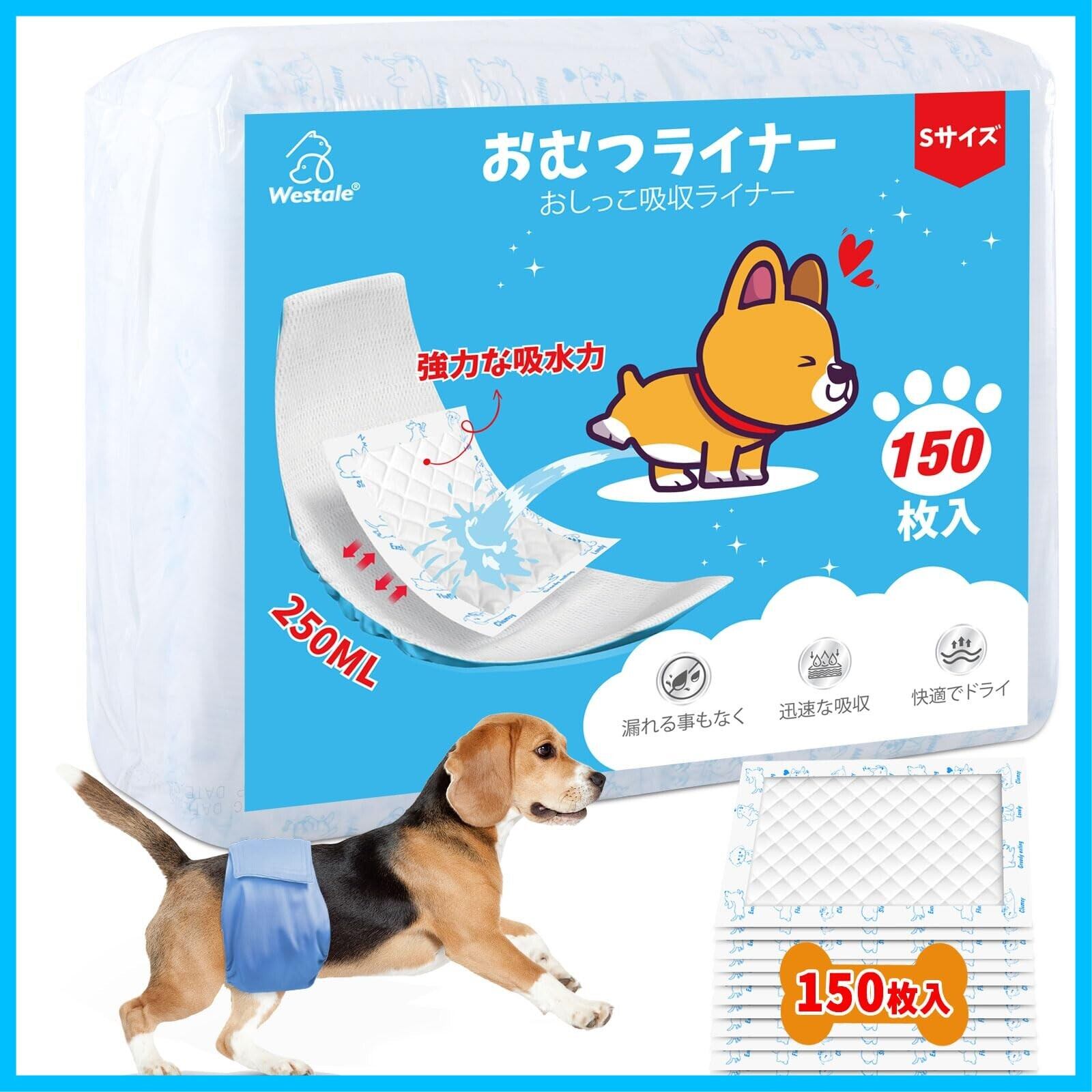 犬用おむつライナー 150枚入 高吸収性能 ずれない 犬 オムツ 男の子 女の子兼用マナーベルトパッド 横漏れ対策 老犬介護 マーキング防止 ペット用おしっこ吸収シート、 Sサイズ
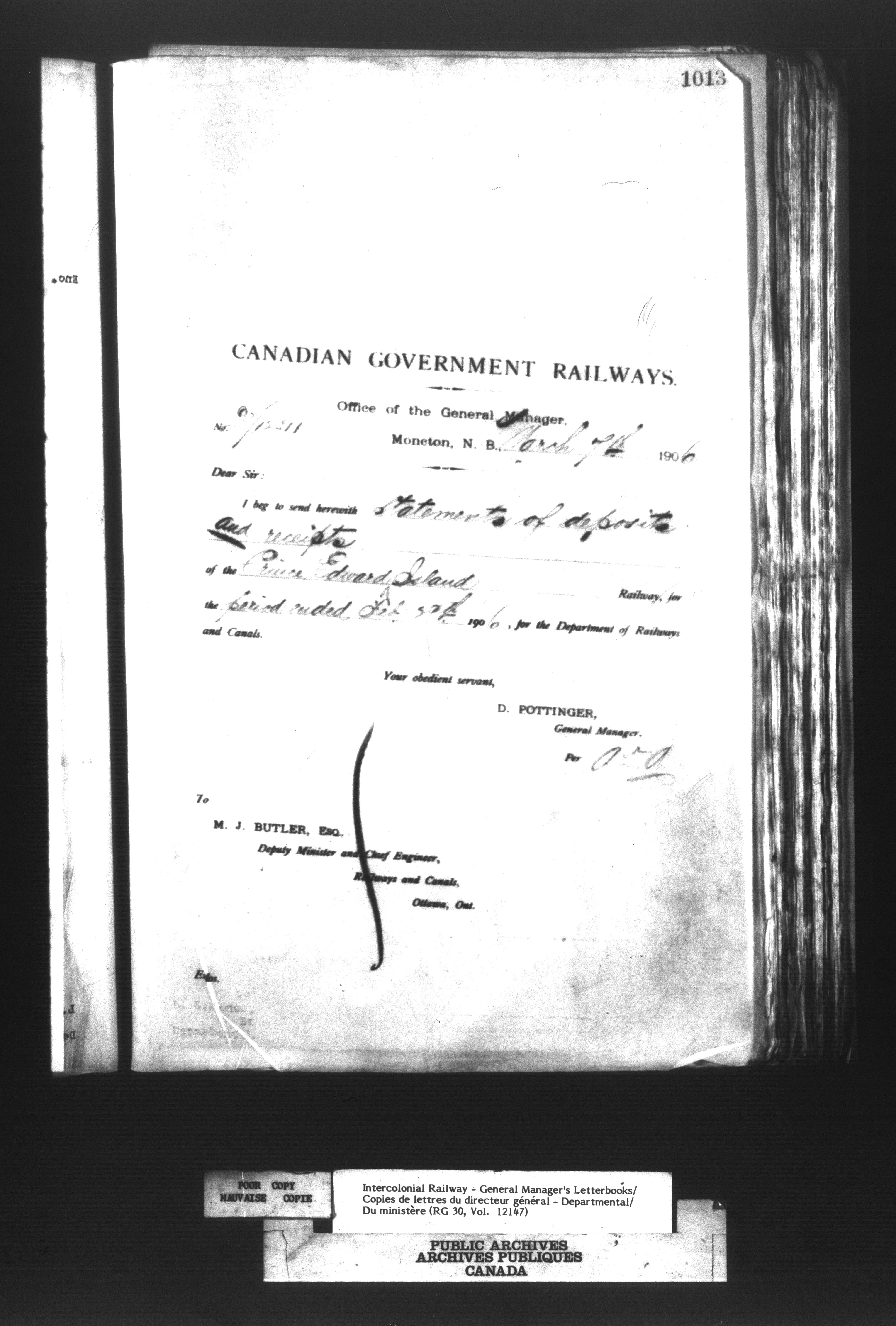 Canadian Government Railways : Office of the General Manager, Outward correspondence with Department of Railways and Canals, 1893-1913 - 12482
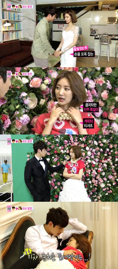 [아시아경제 장영준 기자]배우 고준희와 그룹 2AM의 정진운이 패셔니스타 부부로 탄생했다.13일 오후 방송한 MBC 예능프로그램 '우리 결혼했어요 시즌4'에서 고준희와 정진운 커플은 웨딩화보 촬영 중 세련된 의상과 포즈를 선보였다.이날 정진운은 웨딩드레스를 입고 나타난 고준희를 보고 연신 감탄하며 눈을 떼지 못했다. 이어 그는 고준희의 두 손을 꼭 잡고 "고마워, 나랑 결혼해줘서"라고 말했고, 이에 고준희는 기쁨을 감추지 못했다. 또한 고준희는 왕진주 목걸이와 캐릭터 티셔츠 등의 본인이 직접 준비한 의상으로 화보를 촬영했으며, 정진운은 탄탄한 근육질 몸매로 턱시도와 편안한 의상 모두를 완벽히 소화해냈다. 이로써 두 사람은 패셔니스타 부부의 진정한 면모를 과시했다.잠시 후, 촬영을 위해 온몸을 맞대며 쇼파에 누운 두 사람은 처음에는 부끄러움에 어색한 장면을 연출하기도 했으나, 이내 자연스러운 모습으로 보는 이들을 설레게 했다.한편 고준희, 정진운 커플은 풍선키스를 선보여 눈길을 끌었다.장영준 기자 star1@<ⓒ아시아경제 & 스투닷컴(stoo.com)이 만드는 온오프라인 연예뉴스>

What to produce: Word for word, repeat only the lines from the line containing "Canadian Government Railways" through the end of the data, without any pictures.

Answer to the exercise:
 Canadian Government Railways : Office of the General Manager, Outward correspondence with Department of Railways and Canals, 1893-1913 - 12482
 [아시아경제 장영준 기자]배우 고준희와 그룹 2AM의 정진운이 패셔니스타 부부로 탄생했다.13일 오후 방송한 MBC 예능프로그램 '우리 결혼했어요 시즌4'에서 고준희와 정진운 커플은 웨딩화보 촬영 중 세련된 의상과 포즈를 선보였다.이날 정진운은 웨딩드레스를 입고 나타난 고준희를 보고 연신 감탄하며 눈을 떼지 못했다. 이어 그는 고준희의 두 손을 꼭 잡고 "고마워, 나랑 결혼해줘서"라고 말했고, 이에 고준희는 기쁨을 감추지 못했다. 또한 고준희는 왕진주 목걸이와 캐릭터 티셔츠 등의 본인이 직접 준비한 의상으로 화보를 촬영했으며, 정진운은 탄탄한 근육질 몸매로 턱시도와 편안한 의상 모두를 완벽히 소화해냈다. 이로써 두 사람은 패셔니스타 부부의 진정한 면모를 과시했다.잠시 후, 촬영을 위해 온몸을 맞대며 쇼파에 누운 두 사람은 처음에는 부끄러움에 어색한 장면을 연출하기도 했으나, 이내 자연스러운 모습으로 보는 이들을 설레게 했다.한편 고준희, 정진운 커플은 풍선키스를 선보여 눈길을 끌었다.장영준 기자 star1@<ⓒ아시아경제 & 스투닷컴(stoo.com)이 만드는 온오프라인 연예뉴스>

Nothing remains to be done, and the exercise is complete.